Its economy is in free fall, inflation is soaring and its dominant export — oil — is plummeting in value, but Venezuela is still making its impact felt as some of America’s biggest corporate names release their latest quarterly earnings statements.
Automaker Ford Motor Co. became the latest major company to absorb a hit from its Venezuelan operations, hurt by collapsing consumer markets and by the price-control and currency policies of the government of President Nicolas Maduro, a protege of the late populist leader Hugo Chavez.
Despite booming U.S. sales, Ford revealed Thursday that net income for the fourth quarter fell to $52 million, citing in particular the $800 million charge the company took because of the currency controls imposed by the government and new restrictions on pricing and marketing. Without the one-time charge, Ford officials said, profits for the quarter would have been $1.1 billion.
The Venezuelan situation is so difficult, Ford said, that the company will quarantine its operations in the country from its other financial results in future earnings reports.
Ford is the latest, but far from the only, company suffering because of its Venezuelan operations. Although it is only South America’s fifth-largest economy by gross domestic product, Venezuela is an outsized consumer market for U.S. exporters with more than two-thirds of consumer goods coming from abroad.
In recent days, companies as diverse as Facebook, American Airlines and industrial products manufacturer Praxair have written down or written off results from their Venezuelan businesses. For Praxair, adjusting to a more realistic exchange rate than the official 6.3 bolivars to the dollar meant a $131 million charge — 45 cents a share — for the three months ending Dec. 31.
“A wide swath of multinational companies with large operations in Venezuela will suffer from having to hold currency that is stuck in the country and depreciating in value,” University of Michigan business and law professor Erik Gordon told the Reuters news agency last week.

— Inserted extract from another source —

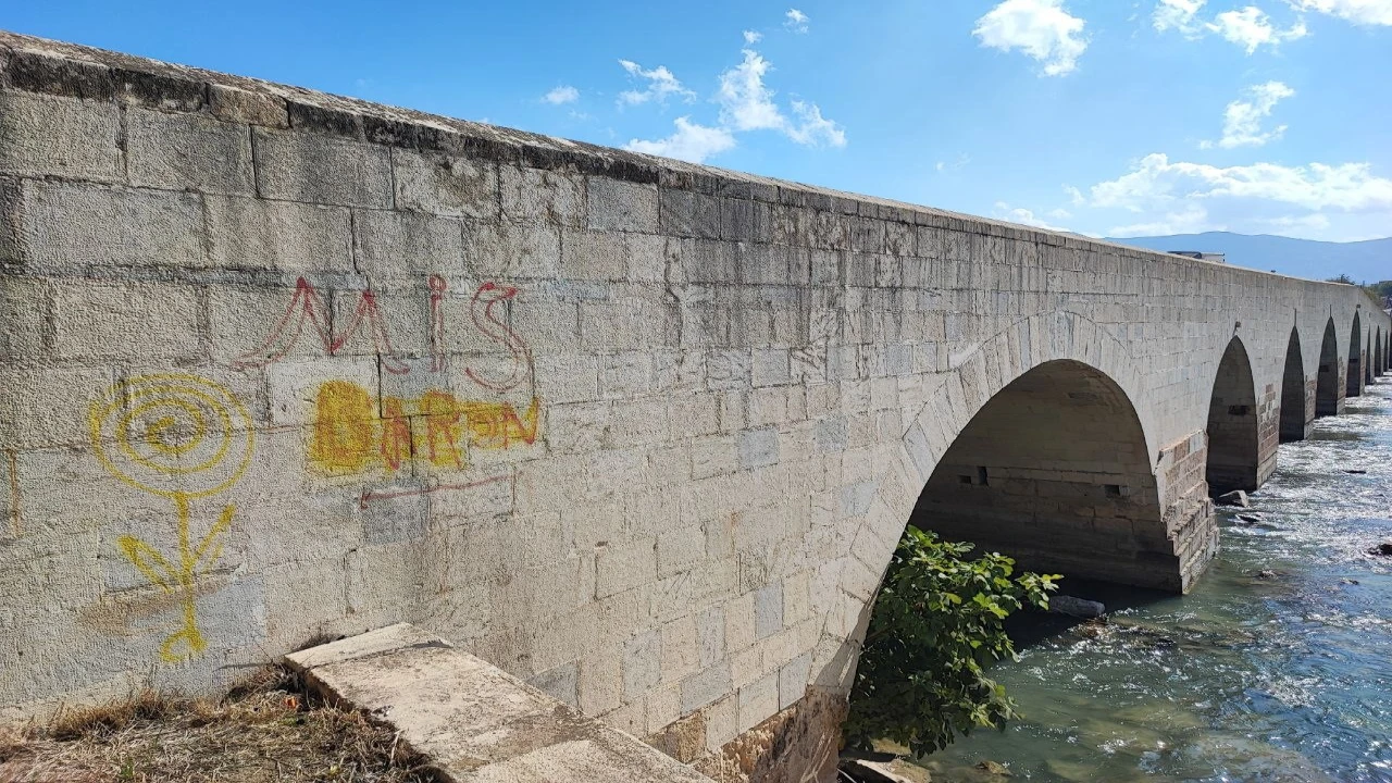 Adana’nın Yüreğir ilçesindeki Anadolu’nun ilk Roma köprüsü olarak bilinen Misis Köprüsüne sprey boya ile yazılama yapıldı.

Kimberly-Clark Corp., maker of such consumer staples as Kleenex and Huggies disposable diapers, suffered one of the biggest hits. The company announced last week that it would take a $462 million charge related to the uncertainty over Venezuelan currency values. The charge led to a $83 million net loss for the quarter.
Given the currency woes and the need to clear price increases with the government, some companies are getting out of the market altogether. Cleaner giant Clorox announced in October that it was pulling up stakes in Venezuela and told investors there was “no hope” of creating “a sustaining business” in the country given current conditions.
With the International Monetary Fund projecting that Venezuela’s economy will shrink as much as 7 percent this year, Mr. Maduro has promised reforms while lashing out at opposition parties that, he said, were trying to undermine the populist program and extensive social welfare safety net built up by Chavez.
With the country’s credit rating tanking, political divisions getting worse and no sign of a turnaround in global oil prices, Mr. Maduro faces increasingly tough choices in the months ahead, said Harold Trinkunas, a senior fellow and Latin American specialist at the Brookings Institution. Among the unpalatable options: an IMF bailout, a national debt default or spending cuts and painful reforms that the government may not be prepared to swallow.
“Economic reform measures work best when they are backed by a substantial degree of political and social consensus,” Mr. Trinkunas wrote in an analysis released this week. “However, this is something that is not currently available in highly polarized Venezuela.”